2) au 31/08, un article intéressant 
https://ejmagnier.com/2018/08/30/les-usa-se-fichent-didlib-ils-veulent-pousser-liran-a-la-table-de-negociation/

3) Cf le point de vue de Lavrov (autrement dit de Poutine) sur cette offensive, au 30/08. Il demande instamment aux Occidentaux de ne pas intervenir
https://www.zerohedge.com/news/2018-08-30/caught-video-syrian-convoy-heads-idlib-final-battle

4) Au 02/09 un expert militaire nous écrit:
La flotte US n'est pas en situation de frapper. Le seul porte avion en zone Atlantique est à deux jours de mer de Norfolk donc à près de dix jours de la Méditerranée.
Une flotte de 26 navires russes armés est en manoeuvre navale au large des côtes syriennes. 34 avions participent à cette manoeuvre en plus de ceux de la base aérienne russe en Syrie.

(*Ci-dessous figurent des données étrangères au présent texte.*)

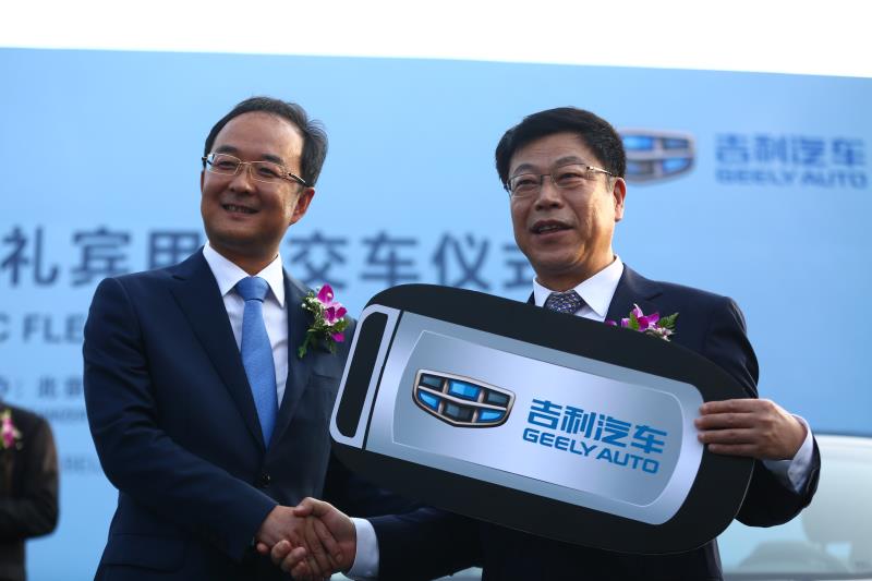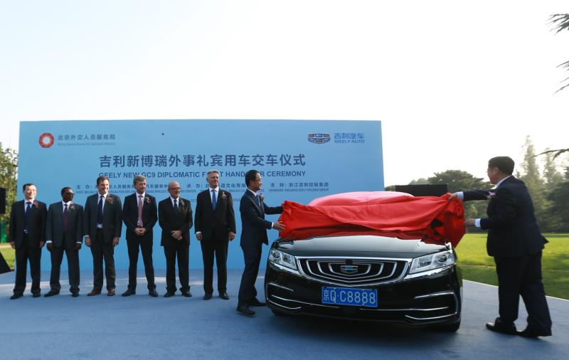 7 September 2017, Beijing, China. Geely Auto (Geely) announced today that China’s Ministry of Foreign Affairs Service Bureau would continue to use Geely’s flagship sedan, the Geely GC9, within its diplomatic fleet. Fifty new Geely GC9s were delivered to the Beijing Diplomatic Service Bureau at a handover ceremony to be used as part of the diplomatic fleet within China and will be used in state visits and to collect state guests, diplomats and other dignitaries during their visits to China. The ceremony was attended by Beijing Diplomatic Service Bureau Director General Yuan Weimin and Zhejiang Geely Holding Group President, Geely Auto President and CEO An Conghui as representatives of their respective parties. The Uruguay Ambassador to China, Estonia Ambassador to China, and other envoys who will use the new Geely GC9 sedans also attended the handover ceremony.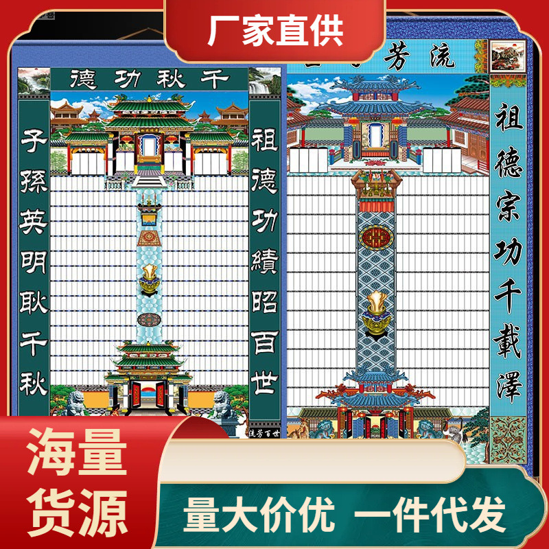 卸売り家堂軸子宗譜家庭用家系図掛け絵生地古い様式青連家堂掛け絵家系図系譜画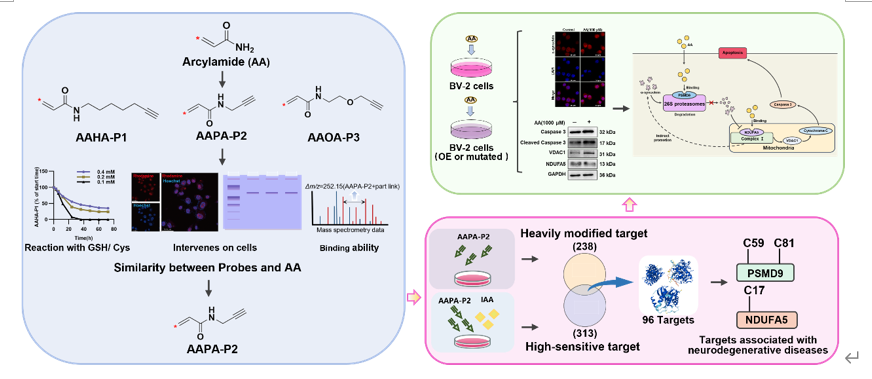 近年来,暴露于丙烯酰胺(AA)引起的神经毒性研究受到广泛关注,但因对AA靶蛋白了解有限,其神经毒性作用机制尚未阐明。本研究设计并合成了一种结构类似于AA的生物正交探针,结合化学蛋白组学技术,在小鼠小胶质细胞(BV-2)中捕获并鉴定了754个AA共价修饰的蛋白,并对进一步筛选出的潜在关键靶点和结合位点进行了验证。研究发现,AA可通过与PSMD9蛋白上Cys59与NDUFA5蛋白上Cys17共价结合,串扰泛素-蛋白酶体系统与线粒体呼吸链,从而诱发神经元凋亡。本研究为确定丙烯酰胺的共价结合靶标提供了一种有效的生物正交探针工具,并为了解丙烯酰胺诱导神经毒性的分子机制及中药干预治疗AA相关神经损伤的潜在治疗靶点提供了新的视角。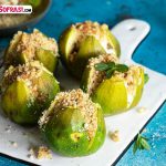 - İncirleri yıkayıp iyice kuruladıktan sonra tabanından tamamen kopmayacak şekilde 4’e kesip, yağlı kağıt serili fırın kabına dizin. Ortalarına 1’er tatlı kaşığı kaymak yerleştirip, yer fıstığı serpin. En son üzerlerine 1’er çay kaşığı gül suyu ve bir tutam karabiber serpin.

Je vois mal le déclenchement d'une opération tripartite dans les quinze prochains jours, car les occidentaux ne sont pas en situation de force en Méditerranée, bien au contraire.
Je pense qu'il est grand temps pour l'Armée syrienne de déclencher son opération dans le nord syrien pour profiter des quinze jours de répit qui pourraient lui permettre d'engranger des résultats significatifs avant que la situation ne se tende vraiment. Il semble que la Turquie soit prête à laisser faire, au moins la première phase de reconquête.